Intanto, nel novembre 1999, da Fandango era arrivato in libreria La scopa del sistema, il primo romanzo di Wallace, in un’edizione che si segnalava, oltre che per la bella illustrazione di Gianluigi Toccafondo in copertina, per una quarta genialmente essenziale, appena tre parole: «Mi manca chiunque». La traduzione era di Sergio Claudio Perroni, che oggi ricorda i mesi dedicati a lavorare su quella scrittura «di straordinaria intelligenza» come un periodo molto felice, una delle pochissime occasioni nella sua carriera (già all’epoca ben avviata) in cui l’estrema difficoltà non fu per lui «una rottura di scatole» ma «un enorme piacere» (Perroni 2012). E poi, il 10 dicembre 2000, dopo più di tre anni di lavorazione complessiva, finalmente uscì Infinite Jest. All’interno del volume la traduzione era accreditata a «Edoardo Nesi con la collaborazione di Annalisa Villoresi e Grazia Giua», ma in copertina c’era scritto: «Traduzione di Edoardo Nesi». Da quel momento nel parlare comune Nesi sarebbe stato il traduttore di Infinite Jest.
Nel giro di due o tre anni appena, giusto gli anni di fine millennio, in Italia Wallace era così passato dallo status di sconosciuto a quello di autore di primo piano, sebbene ancora letto solo da un pubblico di nicchia, con ben otto volumi usciti fra il settembre 1998 e l’aprile 2001. L’apice di questa fulminea consacrazione fu probabilmente la lettura integrale di Infinite Jest (una non-stop di 72 ore) organizzata da Fandango al cinema Politecnico di Roma fra il 15 e il 17 dicembre 2000, quando, fra l’apertura di Alessandro Baricco e la chiusura di Fernanda Pivano, a leggere il romanzo si alternarono decine e decine di persone, celebri o meno.
Ancor più sorprendente è dunque, soprattutto col senno di poi, che fino ad allora fra i traduttori di Wallace ben pochi fossero professionisti affermati. Edoardo Nesi, che stava mietendo i primi successi come romanziere, aveva tradotto solo cinque libri (di Malcolm Lowry, Michael Hornburg, Buster Keaton, Stephen King e Quentin Tarantino), e dopo Infinite Jest non avrebbe quasi più tradotto. Quanto allo scrittore e sceneggiatore Francesco Piccolo (che aveva firmato La ragazza con i capelli strani per Einaudi e, insieme a Gabriella D’Angelo, Una cosa divertente che non farò mai più per minimum fax) non aveva tradotto nessun altro libro e non ne avrebbe tradotti altri. Martina Testa, che invece come traduttrice avrebbe poi fatto molta strada, era allora alle primissime armi (il che non le aveva impedito di meritare e vincere insieme a Christian Raimo il Premio Procida – Isola di Arturo per Il rap spiegato ai bianchi, un libro decisamente arduo da rendere in italiano), e alle primissime armi erano anche Raimo e Ostuni.
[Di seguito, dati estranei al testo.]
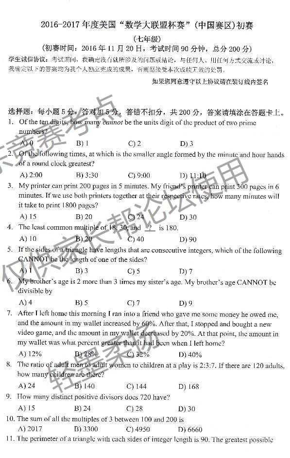 2016-2017年度美国数学大联盟中国上海赛区3-12年级初赛于11月20日结束了,下面是上海赛区数学大联盟七年级试卷,供参考。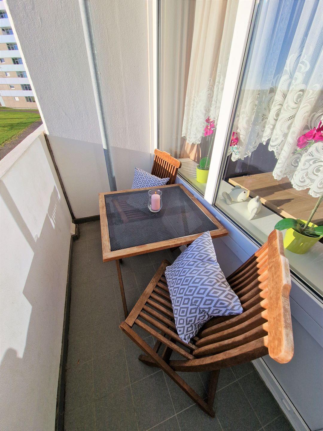 Das Badezimmer wurde erneuert und verfügt nun über eine tolle Duschkabine mit Falttüren, ein Schränkchen, kl. Regale und Stand-WC. Auf dem sonnigen Süd-Balkon laden wertige Holzmöbel (1 Tisch und 2 Stühle) zum Verweilen ein. Die Wohnung ist mit hochwertigem Design-PVC-Planken ausgelegt!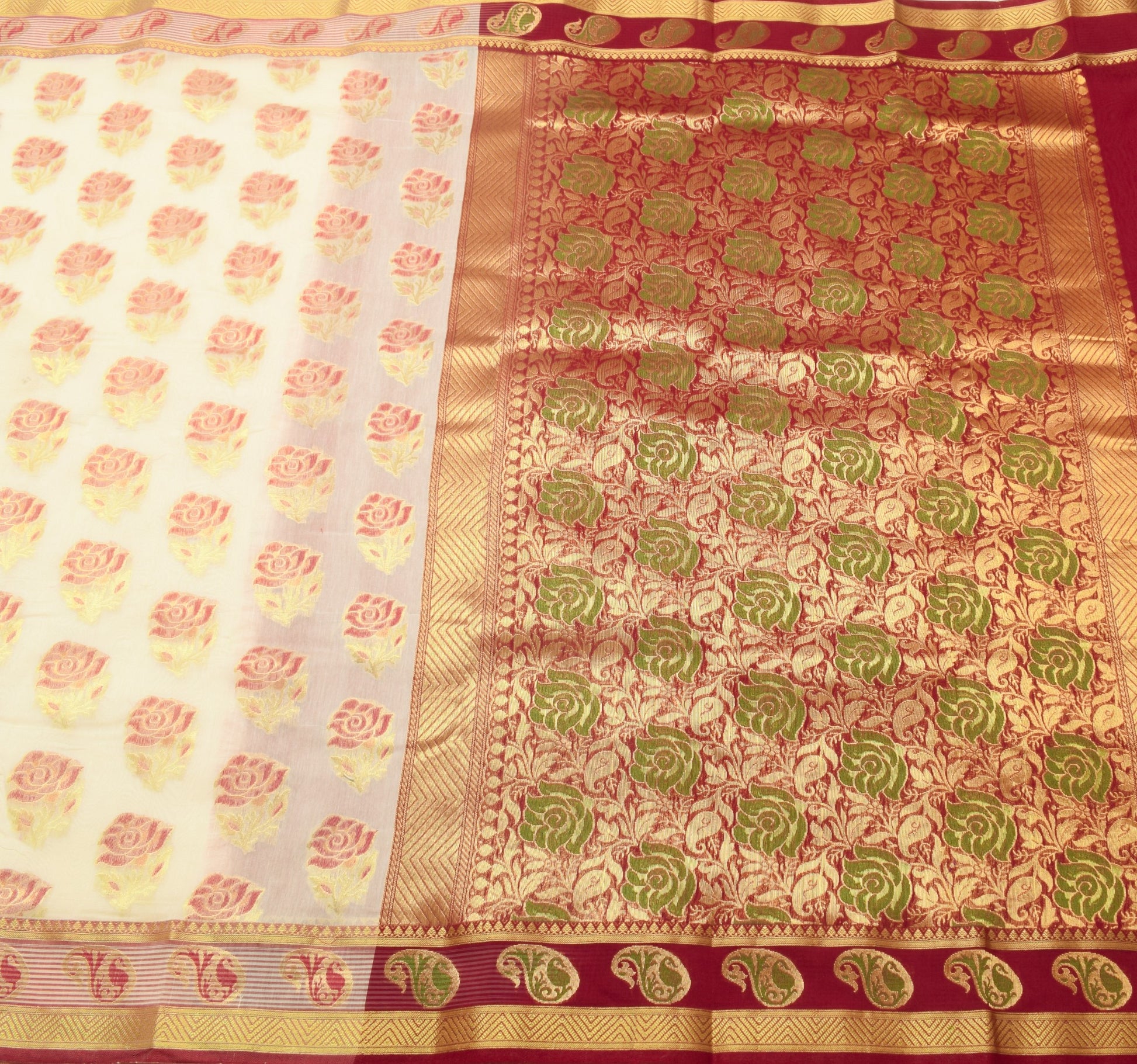 A graceful blend of cream and maroon, beautifully detailed with zari—designed to bring out the traditional elegance in you.

Le eccezioni erano Sergio Claudio Perroni – che aveva già in curriculum una ventina di romanzi, di autori come Highsmith, Ellroy, Vonnegut, Houellebecq e Moody – e soprattutto Ottavio Fatica, che aveva alle spalle una lunga esperienza con classici della stazza di Kipling, Stevenson, Conrad, James e molti altri. Ma forse Fatica, quando nel 1999 Paolo Repetti di Einaudi «Stile libero» affidò a lui e Giovanna Granato Brief Interviews with Hideous Men, non trovò Wallace particolarmente nelle proprie corde, perché riservò per sé solo pochi racconti e lasciò gli altri alla co-traduttrice, che oggi ricorda:
C’è un episodio significativo di com’è stato per me tradurre Wallace. Mentre lavoravo al primo racconto, La persona depressa, all’improvviso è saltato il computer e si è cancellato tutto. E io, come nulla fosse, ho subito ricominciato da zero. Tradurre quel racconto aveva prodotto in me questa sensazione di abbandono totale. Si trattava di lasciarsi travolgere dal vortice della sua scrittura, abbassare le difese, lasciarsi andare e, semplicemente, seguire la luce chiarissima che emanava dalle sue pagine (Granato 2013).
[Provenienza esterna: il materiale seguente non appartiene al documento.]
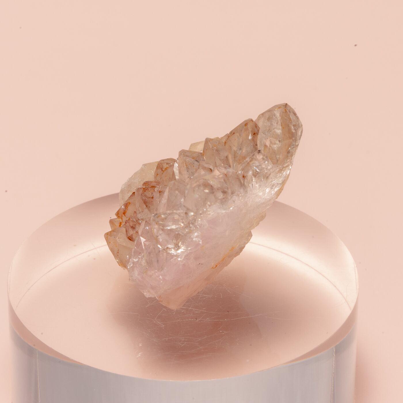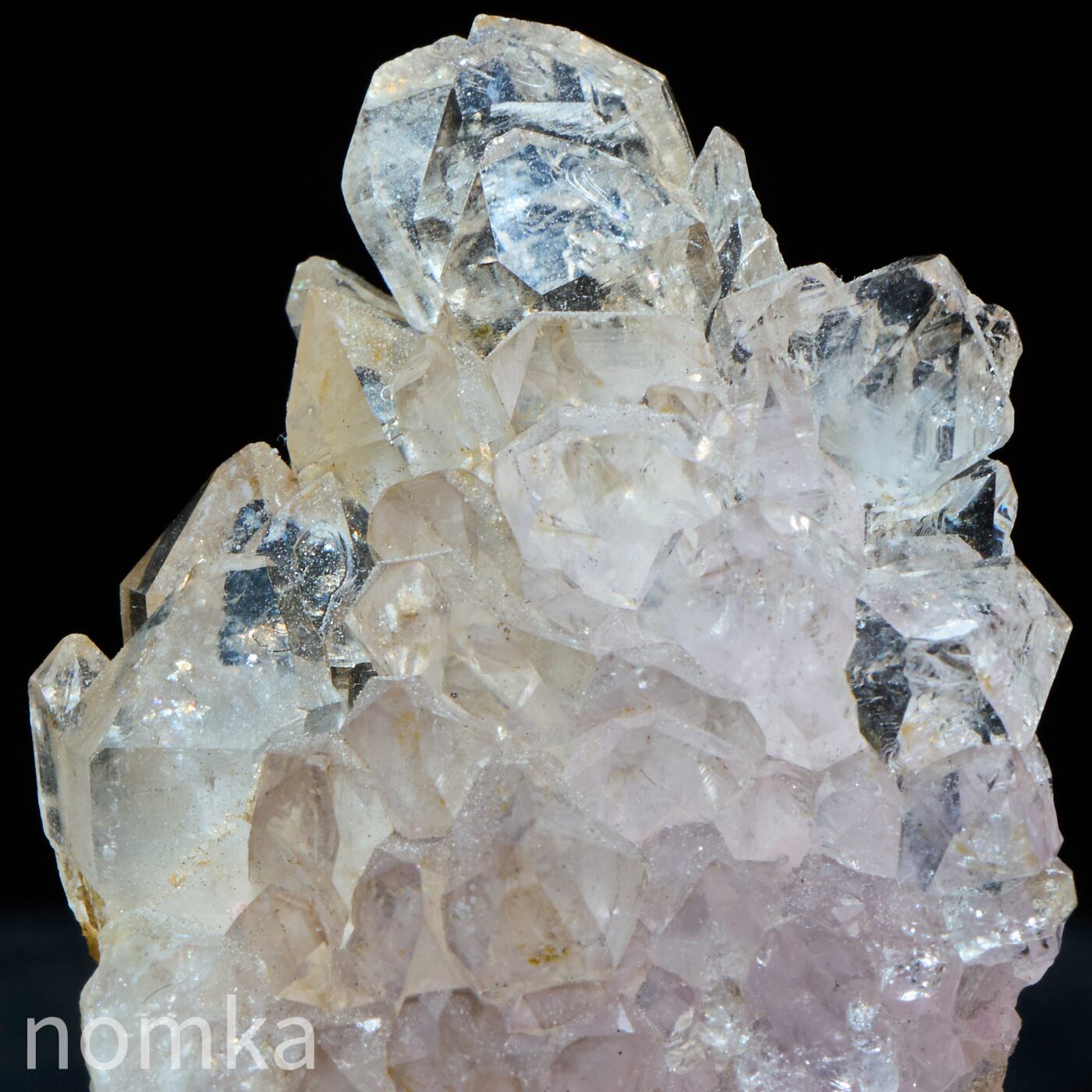 こちらのクラスターは根元の部分が淡いピンクで先端は透明で拡大してみると先端はシトリンの様な色をしているところもあります。

Quel libro comprendeva anche un racconto che all’epoca a Fatica e Granato parve intraducibile, Datum Centurio. Così, come era già accaduto nel caso di La ragazza con i capelli strani, e come purtroppo spesso accade nelle edizioni italiane di raccolte di racconti straniere, si decise di tralasciarli (e, di conseguenza, per non alterare troppo la struttura del libro, di tralasciare anche la Breve intervista n. 59 e Tri-Stan, già uscito nell’antologia di Fanucci Schegge d’America), una scelta da cui fra l’altro si evince come all’epoca Wallace non avesse ancora quello statuto di classico contemporaneo che oggi ci appare scontato.
Esauritasi così l’intera backlist, negli anni fra il 2002 e il 2007 il ritmo delle uscite rallentò. Furono però gli anni in cui, come ricorda Martina Testa, in Italia la fama dello scrittore si consolidò:
All’inizio c’è stato un lentissimo crescendo di attenzione. Nei primi anni Duemila, per dire, la raccolta di saggi Tennis, tv, trigonometria, tornado si vendeva così poco che a un certo punto rischiammo di doverne macerare qualche centinaio di copie. A partire dalla nostra edizione della Ragazza dai capelli strani (2003), che andò subito molto bene, ci è sembrato che l’interesse del pubblico crescesse, anche nei confronti degli altri titoli, che infatti, nel corso degli anni, non sono mai andati fuori catalogo. Probabilmente è stato in quel periodo che si è verificato il fatidico “passaparola dei lettori” (Gregorio 2011).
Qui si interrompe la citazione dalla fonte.